Parametric equations provide a way to describe curves using one or more parameters, instead of relying on traditional Cartesian coordinates. For our curve \( C \), the parametric equations are given by \( x = \sin t \), \( y = \cos t \), and \( z = t^2 \). Here, \( t \) is the parameter that ranges from \( 0 \) to \( \pi/2 \). By expressing the curve in this form, it becomes easier to integrate, since all variables are provided as functions of \( t \).
In physics and engineering, these equations allow us to track objects or define paths that can't be neatly described with \( x \), \( y \), and \( z \) alone. They extend the possibilities of integration, making calculations of line integrals like this possible.

Differential elements are small pieces of the curve that we consider for our integration process. They represent infinitesimal changes along the path, and are crucial for setting up the integral. Here, we find the differentials \( dx \), \( dy \), and \( dz \) by differentiating each of the parametric equations with respect to \( t \).
Specifically, we calculate:

• \( dx = \cos t \, dt \)
• \( dy = -\sin t \, dt \)
• \( dz = 2t \, dt \)

These expressions allow us to transform the integral from one that involves \( x \), \( y \), and \( z \), to one that involves \( t \). This alignment simplifies the problem significantly and sets us for the final stages of solving the integral.

Simplification is a key step in making integrals easy to solve. After substituting into the integral, we have:
\[ \int_{0}^{\pi/2} (\sin^2 t \cdot \cos t + \sin t \cos t \cdot -\sin t + (t^2)^2 \cdot 2t) \, dt. \]
By carefully observing each term, we simplify as follows:

• The first and second terms: \( \sin^2 t \cos t - \sin^2 t \cos t \) cancel each other out.
• The third term simplifies to \( 2t^5 \).
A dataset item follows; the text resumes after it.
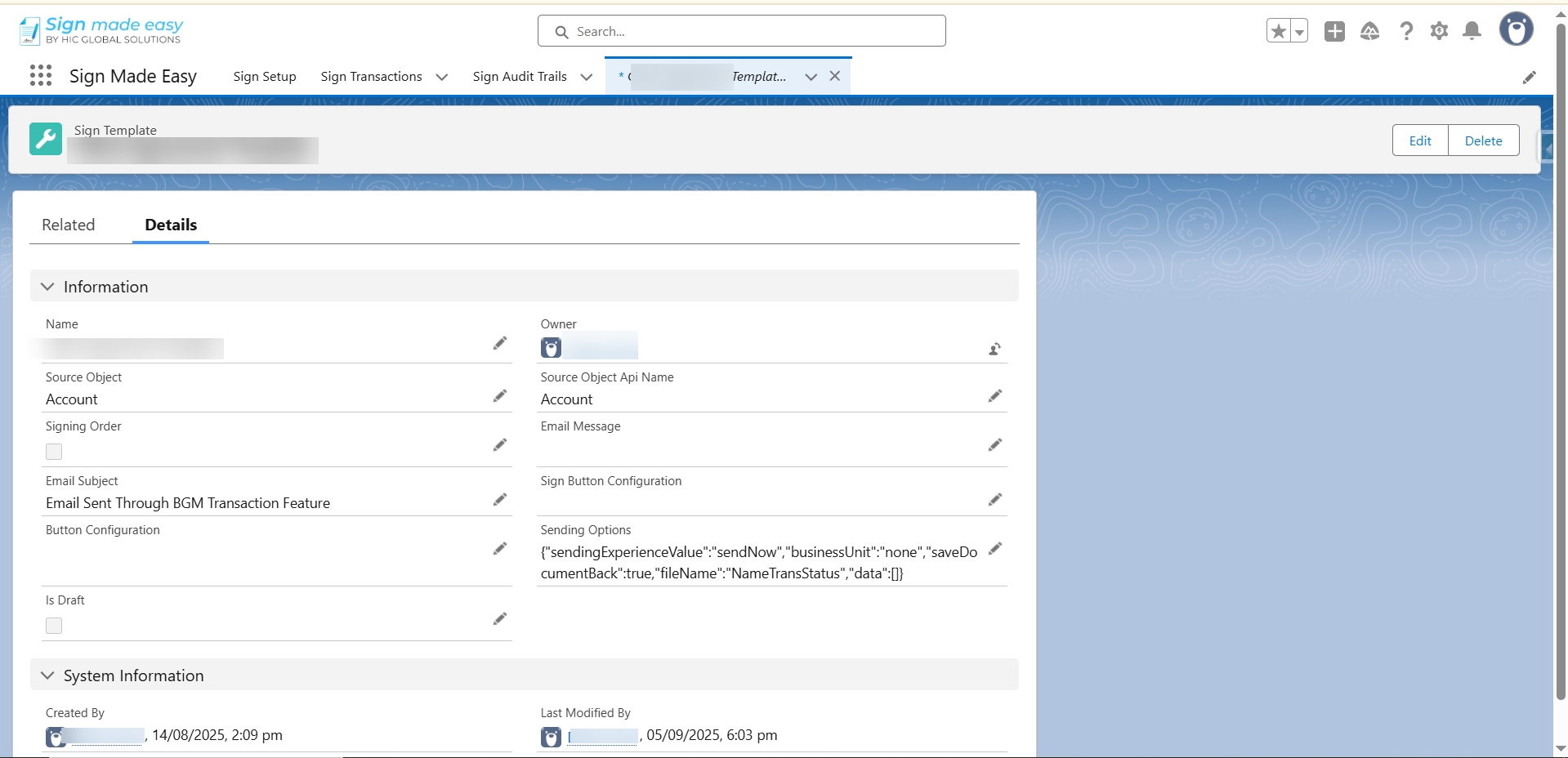 Step 4:- Once the Sign Template record has been created, proceed with the subsequent steps for DME and SME integration.

Thus, our integral becomes much simpler: \( \int_{0}^{\pi/2} 2t^5 \, dt \). Simplifying an integral like this reduces complexity and makes the task of integration much more straightforward.

Evaluating the integral is the final step. We have the integral \( \int_{0}^{\pi/2} 2t^5 \, dt \). Here, we apply basic rules of integration. The indefinite integral of \( 2t^5 \) is:
\[ \int 2t^5 \, dt = \frac{2}{6}t^6 = \frac{1}{3}t^6. \]
Next, we use the limits \( 0 \) and \( \pi/2 \) to find the definite integral:
\[ \frac{1}{3} \left(\left(\frac{\pi}{2}\right)^6 - 0\right). \]
Finally, evaluating \( \left(\frac{\pi}{2}\right)^6 \) gives \( \pi^6 / 64 \), and our result is:
\[ \frac{1}{3} \cdot \frac{\pi^6}{64} = \frac{\pi^6}{192}. \] This process illustrates the power of breaking down complex equations into manageable parts and solving them step-by-step.